- WHAT THE TASK REQUIRES -
In the listing below, find the line with "The wait is" and the line with "Partagez votre photo", then return them and every line between them exactly, minus the pictures.

- LISTED RECORDS -
◇ ◇ ◇

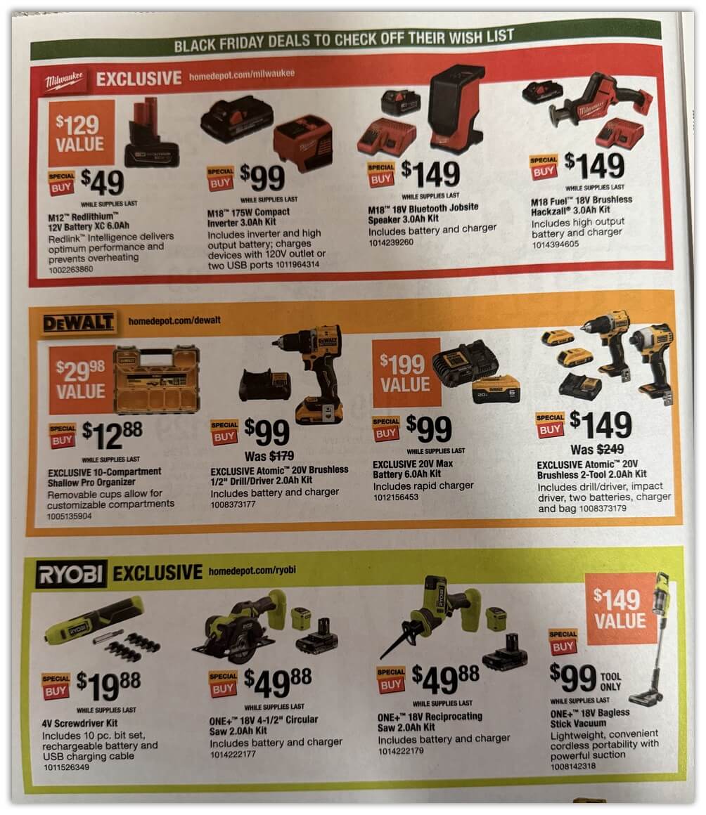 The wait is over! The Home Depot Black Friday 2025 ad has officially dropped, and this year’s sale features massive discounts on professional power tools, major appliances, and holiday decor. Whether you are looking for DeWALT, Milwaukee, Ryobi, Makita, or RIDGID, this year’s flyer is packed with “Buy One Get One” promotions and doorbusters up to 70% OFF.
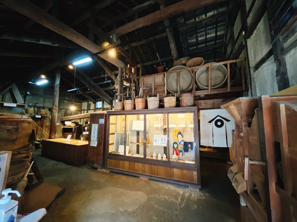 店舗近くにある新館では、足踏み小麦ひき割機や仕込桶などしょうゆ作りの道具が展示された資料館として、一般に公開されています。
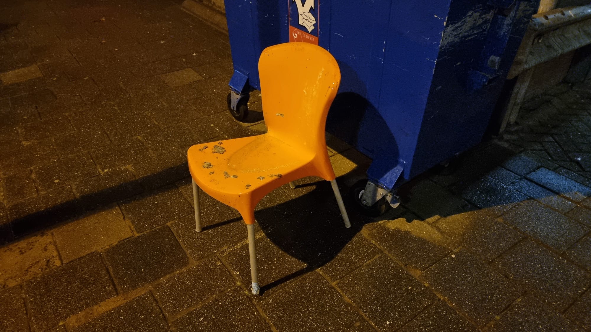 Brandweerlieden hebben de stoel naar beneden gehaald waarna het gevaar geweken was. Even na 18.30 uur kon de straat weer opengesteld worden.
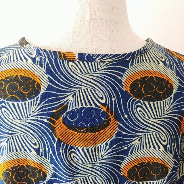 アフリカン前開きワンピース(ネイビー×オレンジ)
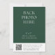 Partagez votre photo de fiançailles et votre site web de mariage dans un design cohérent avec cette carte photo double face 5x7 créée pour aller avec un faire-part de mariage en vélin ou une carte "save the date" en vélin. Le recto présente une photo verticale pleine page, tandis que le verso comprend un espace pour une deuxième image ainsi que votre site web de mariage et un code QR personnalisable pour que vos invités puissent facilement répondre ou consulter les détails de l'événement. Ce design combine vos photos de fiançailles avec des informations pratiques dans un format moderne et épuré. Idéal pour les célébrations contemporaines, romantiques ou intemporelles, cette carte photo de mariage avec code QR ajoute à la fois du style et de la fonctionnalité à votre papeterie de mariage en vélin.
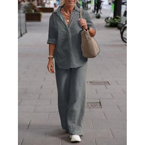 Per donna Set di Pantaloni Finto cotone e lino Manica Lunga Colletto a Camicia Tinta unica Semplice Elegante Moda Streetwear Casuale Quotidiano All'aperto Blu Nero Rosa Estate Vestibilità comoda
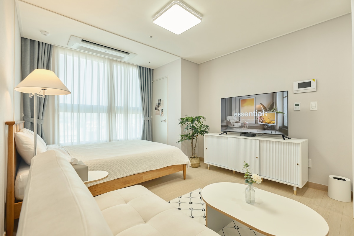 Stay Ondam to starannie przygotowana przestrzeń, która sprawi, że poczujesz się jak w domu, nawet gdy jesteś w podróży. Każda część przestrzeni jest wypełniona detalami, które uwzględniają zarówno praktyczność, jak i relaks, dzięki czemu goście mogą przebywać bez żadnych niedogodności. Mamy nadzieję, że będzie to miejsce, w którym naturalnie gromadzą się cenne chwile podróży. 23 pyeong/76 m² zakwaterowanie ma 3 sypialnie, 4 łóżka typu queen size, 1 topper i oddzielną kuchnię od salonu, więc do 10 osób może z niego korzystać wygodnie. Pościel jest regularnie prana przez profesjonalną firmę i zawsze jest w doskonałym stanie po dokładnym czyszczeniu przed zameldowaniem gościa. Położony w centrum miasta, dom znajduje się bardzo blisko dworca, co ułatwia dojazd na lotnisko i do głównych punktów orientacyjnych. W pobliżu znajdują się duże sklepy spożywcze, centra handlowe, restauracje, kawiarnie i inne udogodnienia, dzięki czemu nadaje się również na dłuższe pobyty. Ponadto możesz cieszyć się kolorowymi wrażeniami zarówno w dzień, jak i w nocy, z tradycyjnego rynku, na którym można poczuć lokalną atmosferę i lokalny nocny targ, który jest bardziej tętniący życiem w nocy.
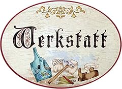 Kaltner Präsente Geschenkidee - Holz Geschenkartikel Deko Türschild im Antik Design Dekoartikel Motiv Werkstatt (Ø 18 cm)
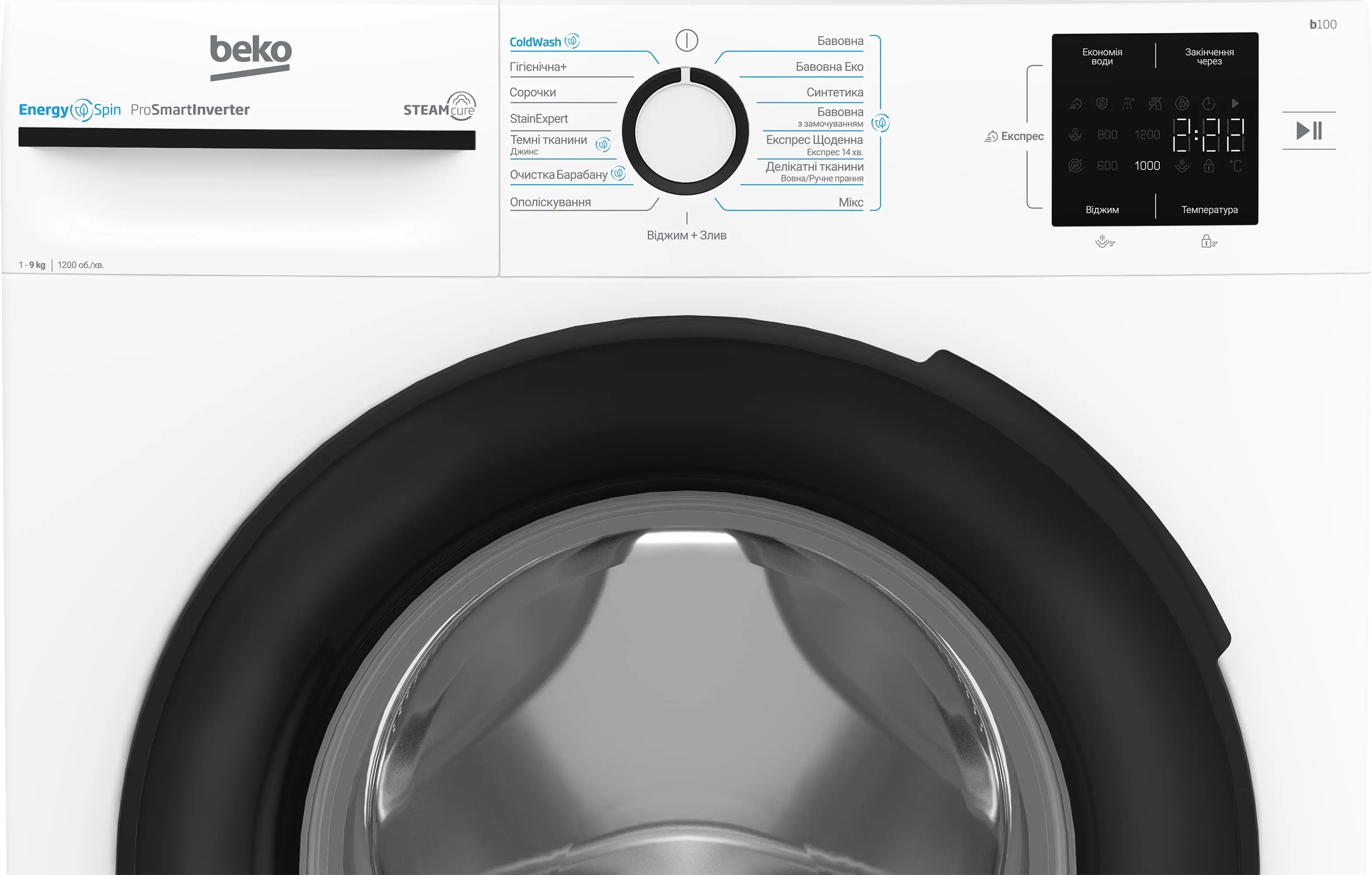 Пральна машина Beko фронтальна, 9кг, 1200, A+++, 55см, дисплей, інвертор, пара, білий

◇ ◇ ◇

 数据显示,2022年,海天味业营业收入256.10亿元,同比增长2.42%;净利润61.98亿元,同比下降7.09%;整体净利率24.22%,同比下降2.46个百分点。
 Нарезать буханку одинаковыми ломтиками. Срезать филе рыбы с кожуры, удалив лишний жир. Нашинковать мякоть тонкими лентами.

◇ ◇ ◇

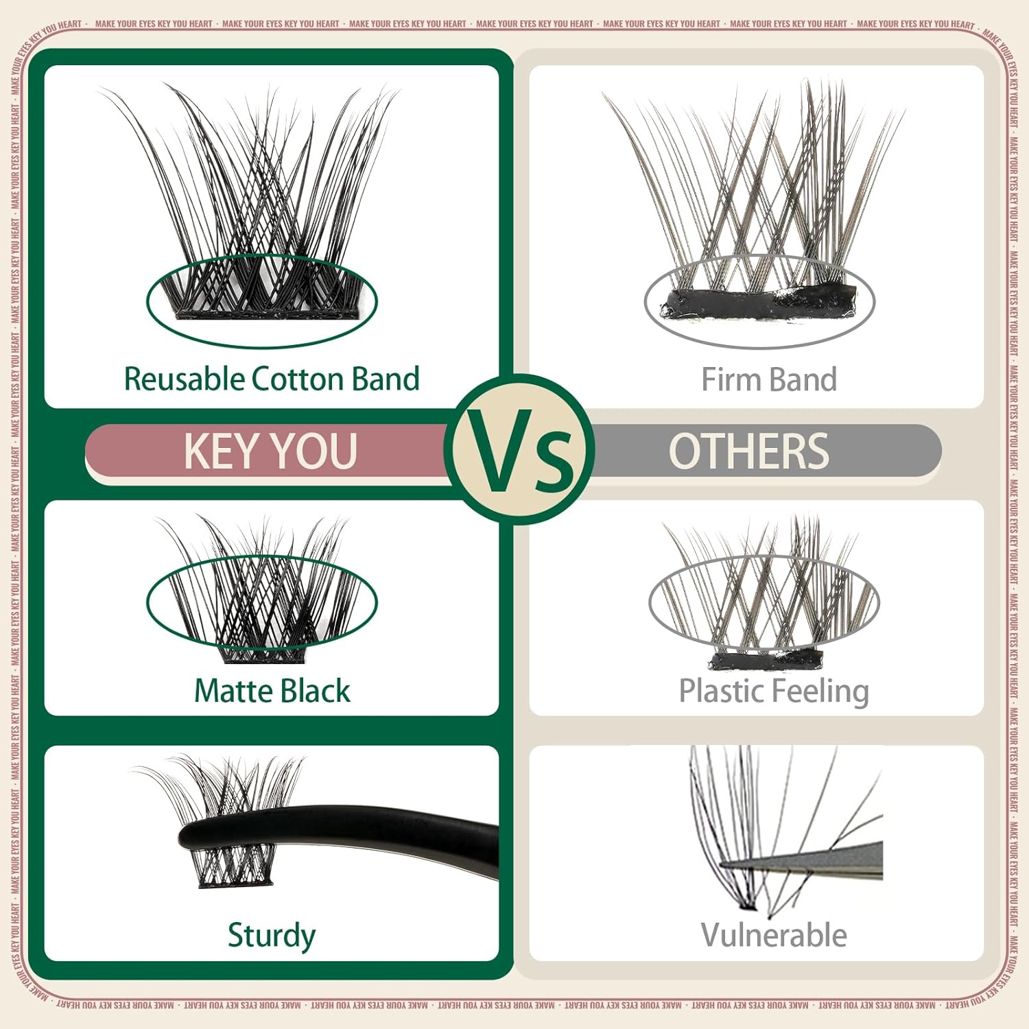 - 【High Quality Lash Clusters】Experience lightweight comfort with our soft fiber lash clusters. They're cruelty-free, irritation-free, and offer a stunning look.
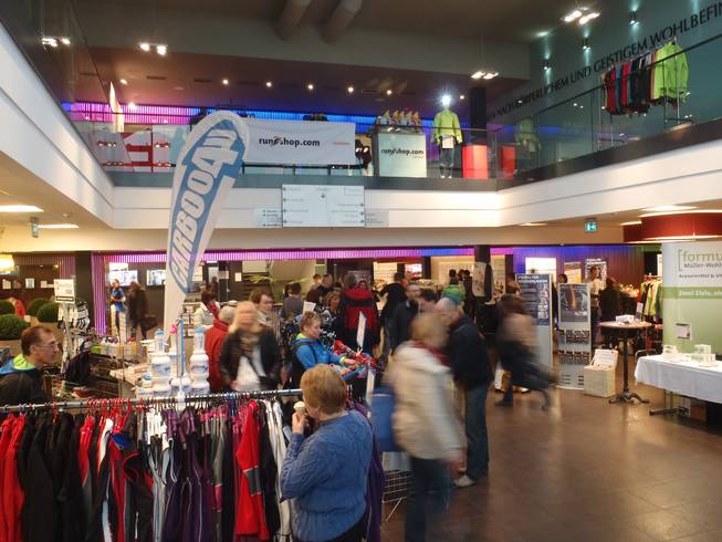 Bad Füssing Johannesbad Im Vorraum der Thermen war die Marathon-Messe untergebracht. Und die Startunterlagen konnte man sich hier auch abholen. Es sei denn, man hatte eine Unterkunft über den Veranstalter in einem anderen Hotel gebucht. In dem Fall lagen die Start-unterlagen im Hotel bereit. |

◇ ◇ ◇

- EXERCISE ANSWER -
 The wait is over! The Home Depot Black Friday 2025 ad has officially dropped, and this year’s sale features massive discounts on professional power tools, major appliances, and holiday decor. Whether you are looking for DeWALT, Milwaukee, Ryobi, Makita, or RIDGID, this year’s flyer is packed with “Buy One Get One” promotions and doorbusters up to 70% OFF.
 店舗近くにある新館では、足踏み小麦ひき割機や仕込桶などしょうゆ作りの道具が展示された資料館として、一般に公開されています。
 Brandweerlieden hebben de stoel naar beneden gehaald waarna het gevaar geweken was. Even na 18.30 uur kon de straat weer opengesteld worden.
 アフリカン前開きワンピース(ネイビー×オレンジ)
 Partagez votre photo de fiançailles et votre site web de mariage dans un design cohérent avec cette carte photo double face 5x7 créée pour aller avec un faire-part de mariage en vélin ou une carte "save the date" en vélin. Le recto présente une photo verticale pleine page, tandis que le verso comprend un espace pour une deuxième image ainsi que votre site web de mariage et un code QR personnalisable pour que vos invités puissent facilement répondre ou consulter les détails de l'événement. Ce design combine vos photos de fiançailles avec des informations pratiques dans un format moderne et épuré. Idéal pour les célébrations contemporaines, romantiques ou intemporelles, cette carte photo de mariage avec code QR ajoute à la fois du style et de la fonctionnalité à votre papeterie de mariage en vélin.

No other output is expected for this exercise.